In the traditional postage system (commonly referred to as snail mail) this role is provided by the postman (to some extent).

 

Data link layer

The data link layer is level two of the seven-level OSI model. It responds to service requests from the network layer and issues service requests to the physical layer.

The data link layer is the layer of the model which ensures that data is transferred correctly between adjacent network nodes in a wide area network. The data link layer provides the functional and procedural means to transfer data between network entities and to detect and possibly correct errors that may occur in the Physical layer. Examples of data link protocols are Ethernet for local area networks and PPP, HDLC and ADCCP for point-to-point connections.

The data link is all about getting information from one place to a selection of other places. At this layer one does not need to be able to go everywhere, just able to go somewhere else. So in social contact, one needs to know at least one other person, but not necessarily know Fred Jones of Ohio, USA.

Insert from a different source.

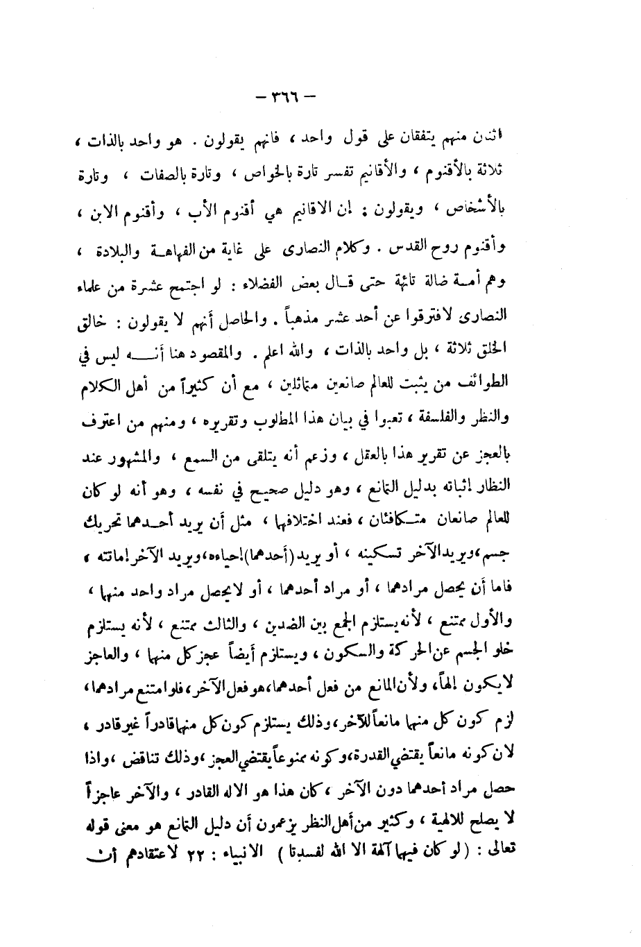 اثْنَان مِنْهُم يتفقان على قَول وَاحِد فانهم يَقُولُونَ هُوَ وَاحِد بِالذَّاتِ ثَلَاثَة بالاقنوم والاقانيم تفسر تَارَة بالخواص وَتارَة بِالصِّفَاتِ وَتارَة بالاشخاص وَيَقُولُونَ إِن الاقانيم هِيَ أقنوم الاب وأقنوم الابْن وأقنوم روح الْقُدس وَكَلَام النَّصَارَى على غَايَة من الفهاهة والبلادة وهم أمة ضَالَّة تائهة حَتَّى قَالَ بعض الْفُضَلَاء لَو اجْتمع عشرَة من عُلَمَاء النَّصَارَى لَا فترقوا عَن أحد عشر مذهبا وَالْحَاصِل أَنهم لَا يَقُولُونَ خَالق الْخلق ثَلَاثَة بل وَاحِد بِالذَّاتِ وَالله اعْلَم وَالْمَقْصُود هُنَا أَنه لَيْسَ فِي الطوائف من يثبت للْعَالم صانعين متماثلين مَعَ أَن كثيرا من أهل الْكَلَام وَالنَّظَر والفلسفة تعبوا فِي بَيَان هَذَا الْمَطْلُوب وَتَقْرِيره وَمِنْهُم من اعْترف بِالْعَجزِ عَن تَقْرِير هَذَا بِالْعقلِ وَزعم أَنه يتلَقَّى من السّمع وَالْمَشْهُور عِنْد النظار إثْبَاته بِدَلِيل التمانع وَهُوَ دَلِيل صَحِيح فِي نَفسه وَهُوَ أَنه لَو كَانَ للْعَالم صانعان متكافئان فَعِنْدَ اخْتِلَافهمَا مثل أَن يُرِيد أَحدهمَا تَحْرِيك جسم وَيُرِيد الآخر تسكينه أَو يُرِيد (أَحدهمَا) إحياءه وَيُرِيد الاخر إماتته فاما أَن يحصل مرادهما اَوْ مُرَاد أَحدهمَا اَوْ لَا يحصل مُرَاد وَاحِد مِنْهُمَا والاول مُمْتَنع لانه يسْتَلْزم الْجمع بَين الضدين وَالثَّالِث مُمْتَنع لِأَنَّهُ يسْتَلْزم خلو الْجِسْم عَن الْحَرَكَة والسكون ويستلزم أَيْضا عجز كل مِنْهُمَا وَالْعَاجِز لَا يكون إِلَهًا ولان الْمَانِع من فعل أَحدهمَا هُوَ فعل الاخر فَلَو امْتنع مرادهما لزم كَون كل مِنْهُمَا مَانِعا للْآخر وَذَلِكَ يسْتَلْزم كَون كل مِنْهُمَا قَادِرًا غير قَادر لَان كَونه مَانِعا يَقْتَضِي الْقُدْرَة وَكَونه مَمْنُوعًا يَقْتَضِي الْعَجز وَذَلِكَ تنَاقض واذا حصل مُرَاد أَحدهمَا دون الاخر كَانَ هَذَا هُوَ الاله الْقَادِر وَالْآخر عَاجِزا لَا يصلح للالهية وَكثير من أهل النّظر يَزْعمُونَ أَن دَلِيل التمانع هُوَ معنى قَوْله تَعَالَى {لَو كَانَ فيهمَا آلِهَة إِلَّا الله لفسدتا} الانبياء 22 لاعتقادهم أَن

This layer is made up of two components. The first component is Logical Link Control. This component determines where one frame of data ends and the next one starts. In a snail-mail network, each letter is one frame of data, and you can tell where it begins and ends because it is inside an envelope. You might also specify that a letter will begin with a phrase like "Dear Sir", and ends with a phrase like "Yours Sincerely".

The second component is Media Access Control. This component determines who is allowed to access the media at any one time. There are generally two forms of media access control: distributed and centralised. Both of these may be compared to communication between people:

* In a network made up of people speaking, i.e. a conversation, we look for clues from our fellow talkers to see if any of them appear to be about to speak. If two people speak at the same time, they will back off and begin a long and elaborate game of saying "no, you first".
* In the UK Houses of Parliament, the speaker determines who can speak at any time and gets to say "order" very loudly if anybody breaks the rules.

 

Physical layer

The physical layer is level one in the seven level OSI model of computer networking. It performs services requested by the data link layer.

This level refers to network hardware, physical cabling or a wireless electromagnetic connection. It also deals with electrical specifications, collision control and other low-level functions.

The physical layer is the most basic network layer, providing only the means of transmitting raw bits. The shapes of the electrical connectors, what frequencies to broadcast at, and similar low-level things are specified here. An analogy of this layer in a physical mail network would be a specification for various kinds of paper and ink, for example.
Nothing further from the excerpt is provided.